[[ Exercise material open ]]

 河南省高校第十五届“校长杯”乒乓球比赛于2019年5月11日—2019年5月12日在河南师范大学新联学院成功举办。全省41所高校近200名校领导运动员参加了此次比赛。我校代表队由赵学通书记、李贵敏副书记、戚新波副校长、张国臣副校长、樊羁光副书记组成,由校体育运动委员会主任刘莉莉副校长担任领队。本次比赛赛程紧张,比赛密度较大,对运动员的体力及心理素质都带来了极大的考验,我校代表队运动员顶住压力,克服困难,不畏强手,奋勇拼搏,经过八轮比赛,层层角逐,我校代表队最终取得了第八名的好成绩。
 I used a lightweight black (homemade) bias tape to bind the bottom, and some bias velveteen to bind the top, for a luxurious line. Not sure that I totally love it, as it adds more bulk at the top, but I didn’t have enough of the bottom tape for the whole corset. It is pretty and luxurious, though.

[[ Exercise material closed ]]
[[ Exercise material open ]]

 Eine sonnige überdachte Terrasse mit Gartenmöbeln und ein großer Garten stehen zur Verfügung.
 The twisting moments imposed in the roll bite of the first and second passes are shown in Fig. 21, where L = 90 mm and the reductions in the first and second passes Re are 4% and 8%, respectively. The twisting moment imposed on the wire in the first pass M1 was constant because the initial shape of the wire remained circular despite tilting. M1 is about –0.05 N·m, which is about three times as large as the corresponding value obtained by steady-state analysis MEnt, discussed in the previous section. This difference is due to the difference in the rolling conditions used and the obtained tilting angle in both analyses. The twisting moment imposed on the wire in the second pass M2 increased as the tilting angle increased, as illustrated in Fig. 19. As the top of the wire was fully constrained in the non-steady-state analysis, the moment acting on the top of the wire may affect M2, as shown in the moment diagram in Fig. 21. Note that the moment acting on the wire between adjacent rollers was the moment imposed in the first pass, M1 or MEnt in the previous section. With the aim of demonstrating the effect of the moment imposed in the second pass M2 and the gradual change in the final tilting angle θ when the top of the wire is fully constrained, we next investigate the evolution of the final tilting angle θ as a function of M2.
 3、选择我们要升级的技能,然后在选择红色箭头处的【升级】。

[[ Exercise material closed ]]

- **Assigned task**: Within the listing above, locate the line containing "Eine sonnige überdachte" and the line containing "3、选择我们要升级的技能,然后在选择红色箭头处的【升级】。". Reproduce those two lines and all lines between them exactly, with nothing added.

- **Written solution**:
 Eine sonnige überdachte Terrasse mit Gartenmöbeln und ein großer Garten stehen zur Verfügung.
 The twisting moments imposed in the roll bite of the first and second passes are shown in Fig. 21, where L = 90 mm and the reductions in the first and second passes Re are 4% and 8%, respectively. The twisting moment imposed on the wire in the first pass M1 was constant because the initial shape of the wire remained circular despite tilting. M1 is about –0.05 N·m, which is about three times as large as the corresponding value obtained by steady-state analysis MEnt, discussed in the previous section. This difference is due to the difference in the rolling conditions used and the obtained tilting angle in both analyses. The twisting moment imposed on the wire in the second pass M2 increased as the tilting angle increased, as illustrated in Fig. 19. As the top of the wire was fully constrained in the non-steady-state analysis, the moment acting on the top of the wire may affect M2, as shown in the moment diagram in Fig. 21. Note that the moment acting on the wire between adjacent rollers was the moment imposed in the first pass, M1 or MEnt in the previous section. With the aim of demonstrating the effect of the moment imposed in the second pass M2 and the gradual change in the final tilting angle θ when the top of the wire is fully constrained, we next investigate the evolution of the final tilting angle θ as a function of M2.
 3、选择我们要升级的技能,然后在选择红色箭头处的【升级】。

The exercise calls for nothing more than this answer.